Why the 2025 'Rotation' Never Happened — Tech Led, and 2026 Followed Suit

Seeking Alpha 2 min read Intermediate
Many investors entered 2025 expecting a broad market rotation away from growth and into value, cyclicals and small caps. That shift largely failed to materialize. Instead, mega-cap technology names and AI-related stocks continued to outperform, driven by robust earnings, persistent industry-level momentum and strong fund flows into tech-focused ETFs. Earnings beats from semiconductor, cloud and software companies reinforced investor confidence, while narrative forces — AI adoption, cloud migration and enterprise software upgrades — provided structural support.

Macro conditions also played a role. Interest rates stabilized after mid-2024 volatility, reducing the yield pressure that normally punishes longer-duration tech profits. At the same time, consumer and corporate spending proved resilient enough to sustain demand for digital transformation, cloud services and chips. Market breadth, however, remained narrow: a handful of giants accounted for a substantial share of benchmark returns, leaving many traditionally cyclical sectors lagging.

ETF and passive product flows amplified the concentration. Index-tracking funds and thematic ETFs funneled capital into technology buckets, reinforcing the leadership of a relatively small group of names. Small-cap and value indices underperformed, and attempts at a durable sector rotation were intermittently reversed by new data or headline-driven risk-on rallies.

Looking into 2026, the pattern persisted. Continued enthusiasm for AI, ongoing semiconductor investment cycles and steady enterprise spending kept the spotlight on technology. But the market's narrow leadership raises risks: stretched valuations among top names, weakening breadth, and potential sensitivity to any macro surprise — notably a sharper-than-expected rise in yields, an earnings disappointment from a marquee tech company, or regulatory developments — could trigger a more meaningful rotation.

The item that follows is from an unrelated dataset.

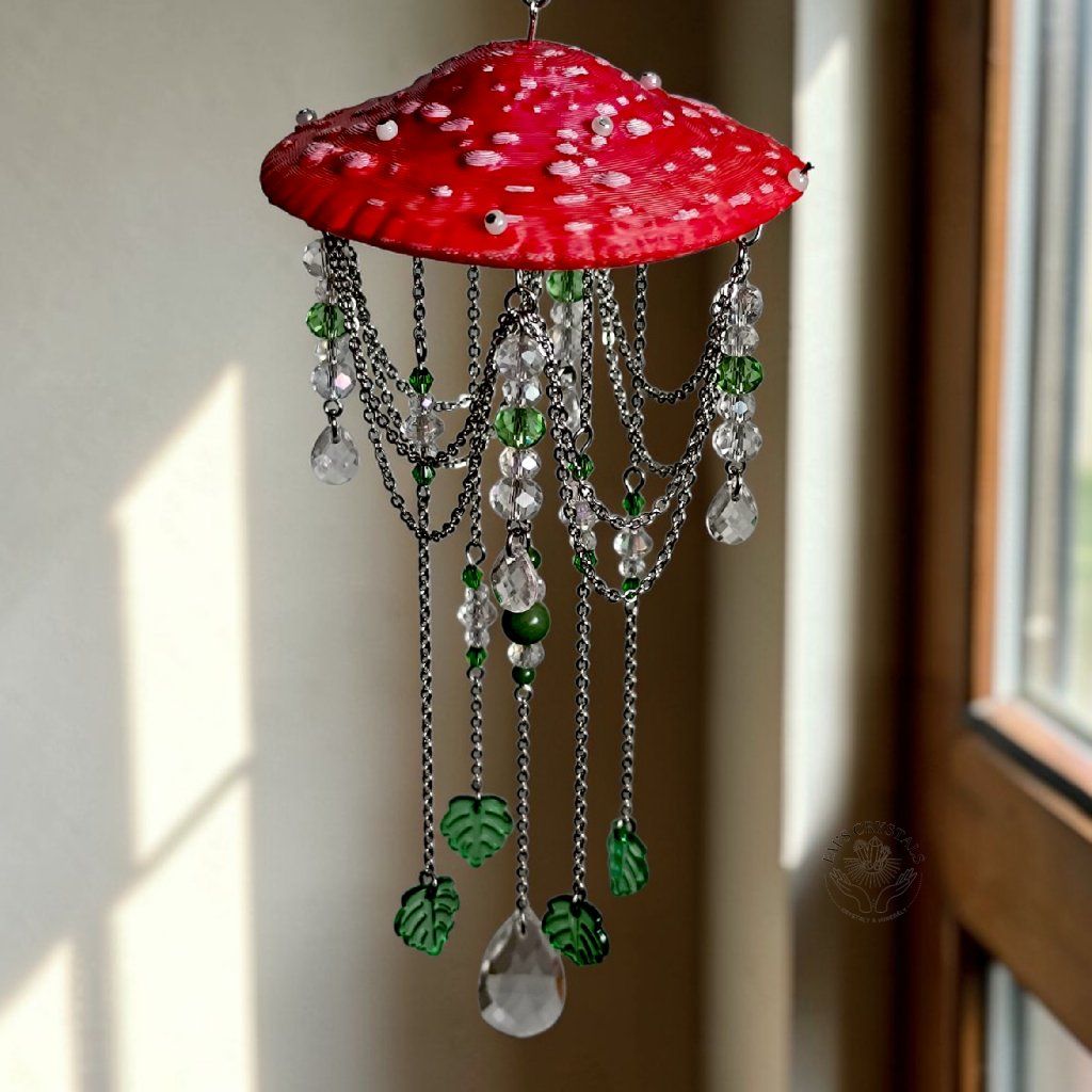 Vneste do svého domova kousek kouzelného lesa. Tento ručně vyráběný lapač slunce ve tvaru červené muchomůrky není jen krásnou dekorací, ale i zdrojem harmonie. Je doplněn o přírodní avanturín, kterému se přezdívá „kámen štěstí a příležitosti“.

For investors, the takeaway is pragmatic: acknowledge the structural tailwinds for tech and AI but manage concentration risk. Diversification, active selection within value and cyclicals that are showing real earnings improvement, and close monitoring of macro indicators and central bank guidance remain essential. A genuine, sustainable rotation requires a shift in both earnings momentum and broader investor flows — neither of which fully arrived in 2025 or early 2026.